Candice Vande Brake, the mother of a Windsor Elementary kindergartner, had started the process outlined in School Board Policy KLB several months ago for challenging books and other learning resources – in her case, the eMediaVA and Discovery Education apps.

Among the content she found objectionable was a children’s book titled “Max and the Talent Show,” which features a transgender character, and a news article titled “Police shooting of Louisiana man sparks outrage.” Vande Brake characterized the material as “fostering mindsets that could contribute to diminished family and religious values.”

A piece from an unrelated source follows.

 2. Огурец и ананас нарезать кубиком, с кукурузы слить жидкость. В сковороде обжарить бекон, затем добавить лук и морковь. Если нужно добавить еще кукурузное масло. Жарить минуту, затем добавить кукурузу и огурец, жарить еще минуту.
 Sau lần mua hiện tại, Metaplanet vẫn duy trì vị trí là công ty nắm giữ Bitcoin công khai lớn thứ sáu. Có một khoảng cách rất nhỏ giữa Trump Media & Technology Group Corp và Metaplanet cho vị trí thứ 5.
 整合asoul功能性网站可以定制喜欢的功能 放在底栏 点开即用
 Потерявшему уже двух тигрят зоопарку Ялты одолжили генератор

Though she’d successfully petitioned to have the apps removed from her own child’s device, she’d gone to the School Board March 30 seeking to have them removed from every iPad issued to Isle of Wight County Schools’ 5,500-plus students.

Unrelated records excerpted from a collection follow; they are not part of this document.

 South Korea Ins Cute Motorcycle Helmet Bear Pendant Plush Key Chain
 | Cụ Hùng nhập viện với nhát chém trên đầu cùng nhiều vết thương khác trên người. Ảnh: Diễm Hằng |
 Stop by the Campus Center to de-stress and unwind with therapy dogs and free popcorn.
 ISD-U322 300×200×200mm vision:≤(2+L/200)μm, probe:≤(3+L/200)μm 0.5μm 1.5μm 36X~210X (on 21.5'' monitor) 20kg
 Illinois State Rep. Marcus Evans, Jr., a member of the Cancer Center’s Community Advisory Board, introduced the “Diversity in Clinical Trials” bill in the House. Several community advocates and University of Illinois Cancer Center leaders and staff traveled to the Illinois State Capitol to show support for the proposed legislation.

The eMediaVA app is developed by WHRO, a Hampton Roads public broadcasting station owned by a collaboration of 21 public school divisions. According to the school system, it curates digital content from a variety of sources, including PBS, Colonial Williamsburg, NASA and the Smithsonian. Discovery Education is similar, but was developed on a national scale. The School Board voted to keep using both apps.

The School Board had been set to hear another challenge to Discovery Education and two additional apps that evening from Smithfield High School parent Heidi Swartz. But Swartz asked to reschedule, stating her challenge had been even broader and included everything available via a student’s “Clever” account. According to IWCS spokeswoman Lynn Briggs, the Clever system is essentially a digital launching pad where students can log in and access online content available to them through the school system.

Swartz’s rescheduled appeal to the School Board was initially set for April 7 but was postponed again, this time to 5 p.m. today, April 19, at Westside Elementary School.

The meeting agenda still lists only three apps: Discovery Education, TEDEd and MackinVIA.

TEDEd, according to Briggs, is an education-related version of TED Talks – a nonprofit platform that produces short recordings of speakers talking about particular issues. MackinVIA, she said, is a digital library, intended to provide students and teachers access to books and scholarly resources via the internet.